Yesterday, the collective gaming media released our impressions of the Nintendo Switch, based on early retail hardware. During my time with the system, I had no major technical difficulties. Everything went without a hitch.
Unfortunately, I'm not the only person with a Switch and many of those other folks did have issues. Reviewers began mentioning disconnection issues with the Switch's Joy-Cons, noticeably the left one.
I've just experienced some left Joy Con sync issues with my grey system. Seems to be a universal issue. https://t.co/2wgPe8h8gI— Jeremy Parish (@gamespite) February 23, 2017
The Switch left JoyCon's sync issues have been so bad for me that I can't play Zelda on my TV with it - using the pro controller instead.— Jason Schreier (@jasonschreier) February 23, 2017
I've played roughly 20 hours of Zelda and it's happened 2-3 times. https://t.co/5sGBotcIjG— Jose Otero (@jose_otero) February 23, 2017
The issue causes the analog stick on the Joy-Con L to stop reporting to the Switch itself. In Legend of Zelda: Breath of the Wild, this is manifested by Link continuing to move in whatever direction he was already heading. The severity of the problem varies from reviewer to reviewer.
GameXplain did a few tests and took a stab at explaining what the potential Joy-Con issue is. They found that the user's hands can actually obscure the Bluetooth signal sent by either Joy-Con. The folks at GameXplain were able to replicate the issue by completely covering their Joy-Cons with their hands or even hiding the units behind their backs.

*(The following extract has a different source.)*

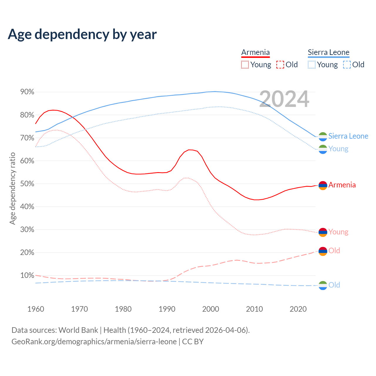 - The share of old-age demographic (65+) in Armenia is 13.7% vs 3.24% in Sierra Leone.

A further video by YouTuber Blunty jumped off the GameXplain explanation and hazarded that the problem is with the Bluetooth signal strength of the Joy-Cons. He reckons that the signal strength is low to conserve power, making the signal more susceptible to interference. Assuming that's the case, Nintendo could fix the issue with a firmware update, boosting signal strength, but likely lowering the battery life of the Joy-Cons.
Others have done tests and guessed that distance may also be an issue. The problem is not all these reviewers were playing in huge spaces and I'm sure none of them played with their Joy-Cons behind their backs.
In my own tests, I had to work very hard to get the Joy-Cons to disconnect. With basic line-of-sight I had no issues with the Joy-Cons working free hand or in the basic Grip, for up to the maximum distance of my space, which is 16 feet. I did not have any issues with covering the Joy-Cons or putting them behind my back until around 10 feet.
Other reviewers doing tests have reported different tolerances. I'd say that points to varying hardware, which could be Nintendo's worst case scenario, requiring a Joy-Con replacement of some sort. The truth is we're all flailing around in the dark, looking for the real problem.
We reached out to Nintendo for comment. A spokesperson from Nintendo of America told us that he'd keep us posted. The company is aware of the issue and is currently working on it. For now, I'd give the company the benefit of the doubt and hope they can fix the issue with minimal fuss.